Il est toujours coûteux d’avoir raison avant les autres. Michel Rocard en a payé le prix. Longtemps candidat préféré des Français, il ne réussit finalement jamais à s’imposer face à François Mitterrand pour mener la gauche au pouvoir. Au moment où les hommages se succèdent après sa disparition, je voudrais insister sur ce qui m’a le plus marqué chez lui : sa capacité au rassemblement.
Michel Rocard était un homme d’état d’exception. Anti-colonialiste convaincu, ministre intègre ayant démissionné après l’instauration de la proportionnelle aux élections législatives en 1986, il fut le seul premier ministre socialiste à avoir pratiqué l’ouverture avec plusieurs ministres centristes dans son gouvernement.

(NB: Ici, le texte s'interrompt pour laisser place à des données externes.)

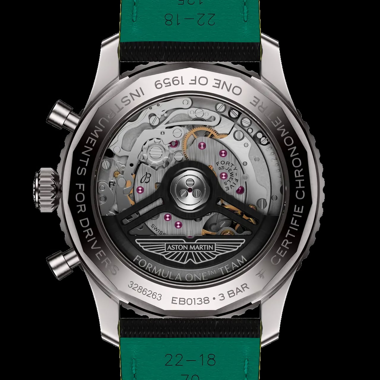 ตัวเรือนขนาด 43 มิลลิเมตร หนา 13.69 มิลลิเมตร ผลิตจากวัสดุ Titanium เกรดพิเศษ ซึ่งถือเป็นครั้งแรกของคอลเลกชัน Navitimer ที่ใช้วัสดุชนิดนี้เพื่อให้มีน้ำหนักเบาและทนทานสูง โดยสามารถกันน้ำได้ที่ระดับ 30 เมตร ตัวเรือนคงเอกลักษณ์ด้วยขอบตัวเรือนหมุนได้สองทิศทาง พร้อม Circular Slide Rule ปุ่มกดจับเวลาทรงลูกสูบและเม็ดมะยมแบบไม่ขันเกลียวพร้อมโอริง 2 ชั้น ภายในขับเคลื่อนด้วยกลไกไขลานอัตโนมัติแบบ In-house Calibre B01 ทำงานด้วยความถี่ 28,800 ครั้งต่อชั่วโมง (4Hz) ให้พลังงานสำรองนานถึง 70 ชั่วโมง ผ่านมาตรฐานความเที่ยงตรงระดับ COSC โดยมองเห็นผ่านฝาหลัง Sapphire ที่เผยให้เห็นการขัดแต่งกลไกอย่างประณีตและโรเตอร์ที่สลักโลโก้ทีม Aston Martin Aramco F1 มาพร้อมกับสายนาฬิกาวัสดุหนังลูกวัวสีดำเย็บตะเข็บสีเขียว พร้อมตัวล็อกสายแบบ บานพับวัสดุ Titanium

Partisan d’une deuxième gauche, réformiste et ouverte tout en étant exigeant sur les convictions, il est à l’origine de la décentralisation avec le contrat de plan Etat-région, mais aussi de la création d’un revenu minimum pour les demandeurs d’emploi en fin de droits. Européen convaincu, il continua jusqu’au bout à plaider en faveur d’un projet d’avenir commun. A l’heure où la nécessité de rassembler toutes les bonnes volontés autour de valeurs communes d’humanisme anime particulièrement notre société, je fais partie de ceux qui plaident pour cette union politique, au niveau national comme sur le plan local.
Michel Rocard a ouvert la voie pour ce chemin, à nous d’en avoir la volonté.